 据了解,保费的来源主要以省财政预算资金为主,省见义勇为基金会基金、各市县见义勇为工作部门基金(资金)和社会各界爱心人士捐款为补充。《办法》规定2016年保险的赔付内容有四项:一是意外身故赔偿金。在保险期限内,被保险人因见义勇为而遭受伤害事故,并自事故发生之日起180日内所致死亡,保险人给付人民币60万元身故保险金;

_ _ _

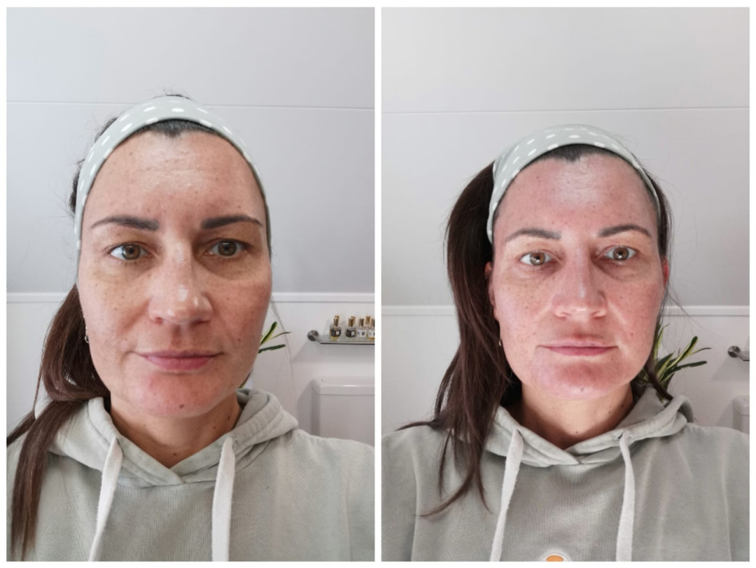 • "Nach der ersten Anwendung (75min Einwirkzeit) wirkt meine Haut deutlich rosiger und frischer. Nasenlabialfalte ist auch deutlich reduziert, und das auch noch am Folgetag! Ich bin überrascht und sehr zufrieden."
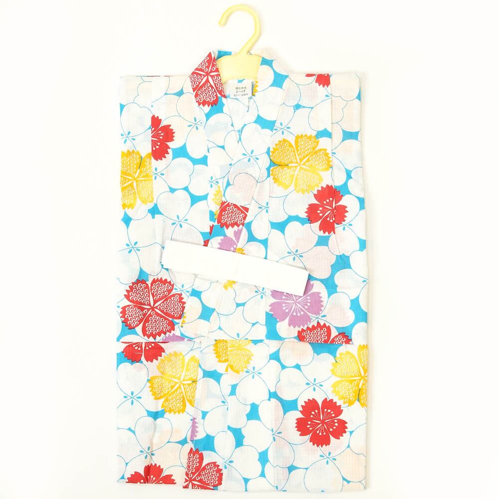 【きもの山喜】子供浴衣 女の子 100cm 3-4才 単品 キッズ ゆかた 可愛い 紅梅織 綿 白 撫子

_ _ _

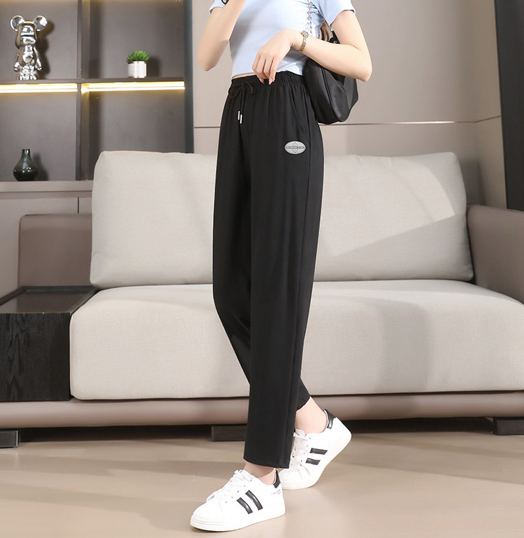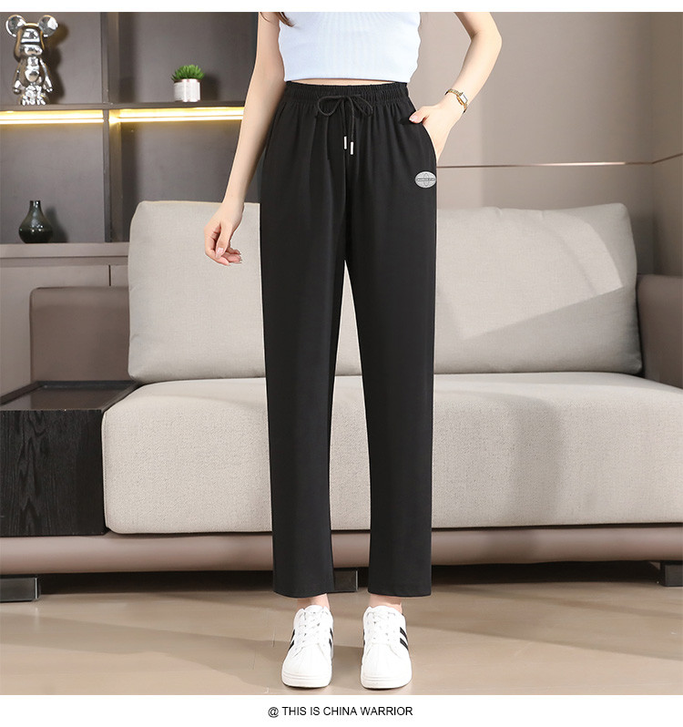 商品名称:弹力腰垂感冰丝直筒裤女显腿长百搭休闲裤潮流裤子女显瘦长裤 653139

_ _ _

- _TASK GOAL_
Give back exactly the lines above from the one with "der ersten Anwendung" through the one with "可愛い 紅梅織 綿 白 撫子", both included. Pictures don't belong in the copy.

- _RESPONSE AREA_
 • "Nach der ersten Anwendung (75min Einwirkzeit) wirkt meine Haut deutlich rosiger und frischer. Nasenlabialfalte ist auch deutlich reduziert, und das auch noch am Folgetag! Ich bin überrascht und sehr zufrieden."
 【きもの山喜】子供浴衣 女の子 100cm 3-4才 単品 キッズ ゆかた 可愛い 紅梅織 綿 白 撫子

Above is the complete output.